__Aim of the exercise__: Reprint the lines below as they are, minus the pictures.

__Supplied data__:
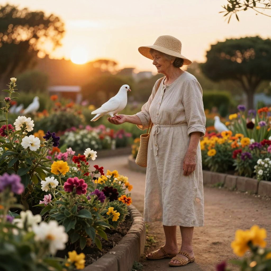A elderly woman in a wide-brimmed sun hat and linen dress wearing woven wicker sandals explores a vibrant garden filled with colorful flowers at sunset. A playful white dove perched gently on her hand accompanies her, adding charm to the scene.
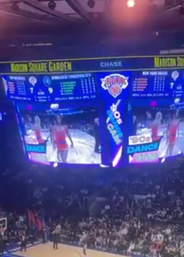 n overhead view of a basketball game at Madison Square Garden between the New York Knicks and the Minnesota Timberwolves. The score is 7-9. Overhead, on the jumbotron, the video shows two girls dancing on the '90s dance cam. The arena is crowded with spectators.
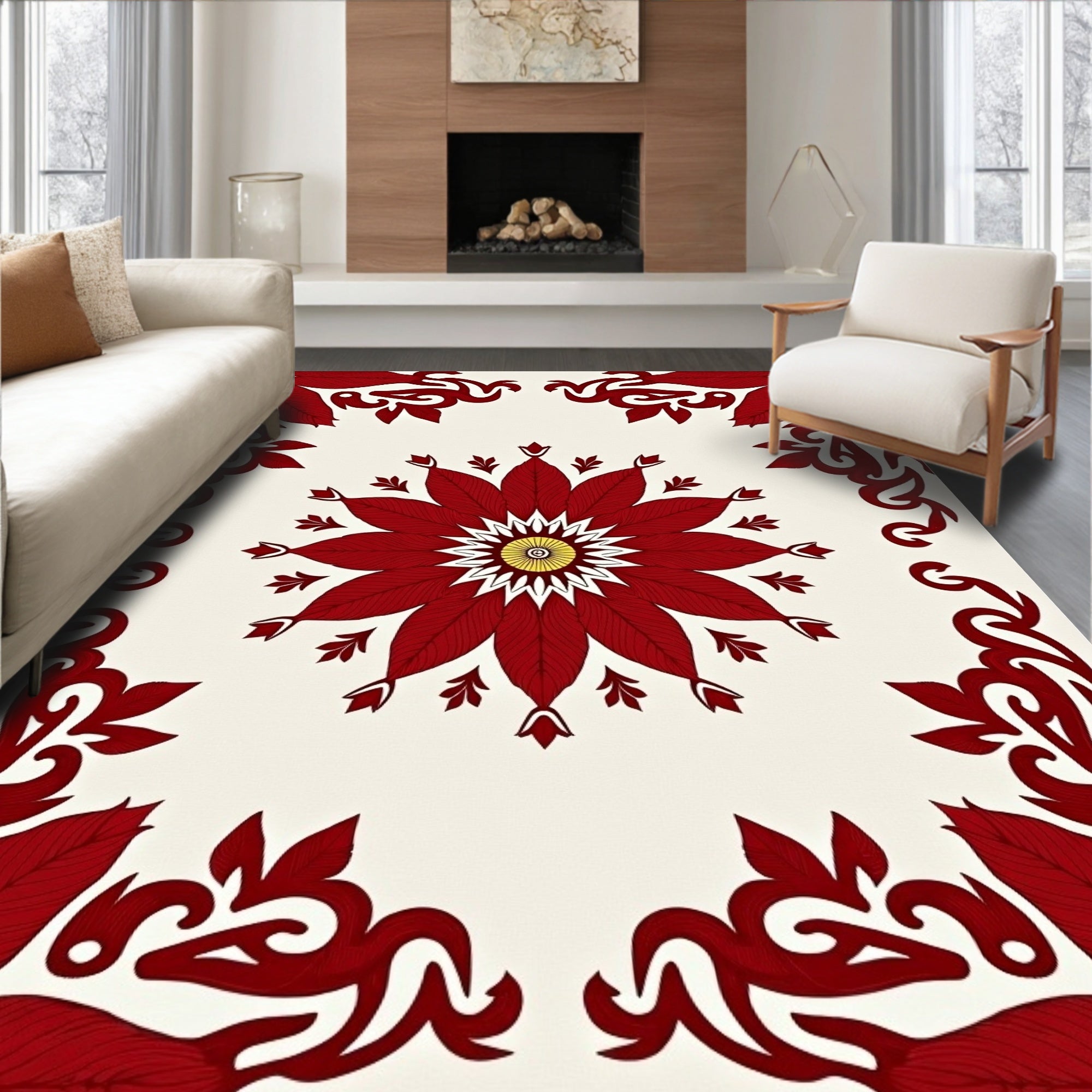 Cardinal Motif with Winter Berry Branch Decorative Floor(Red)

__Response below__:
A elderly woman in a wide-brimmed sun hat and linen dress wearing woven wicker sandals explores a vibrant garden filled with colorful flowers at sunset. A playful white dove perched gently on her hand accompanies her, adding charm to the scene.
 n overhead view of a basketball game at Madison Square Garden between the New York Knicks and the Minnesota Timberwolves. The score is 7-9. Overhead, on the jumbotron, the video shows two girls dancing on the '90s dance cam. The arena is crowded with spectators.
 Cardinal Motif with Winter Berry Branch Decorative Floor(Red)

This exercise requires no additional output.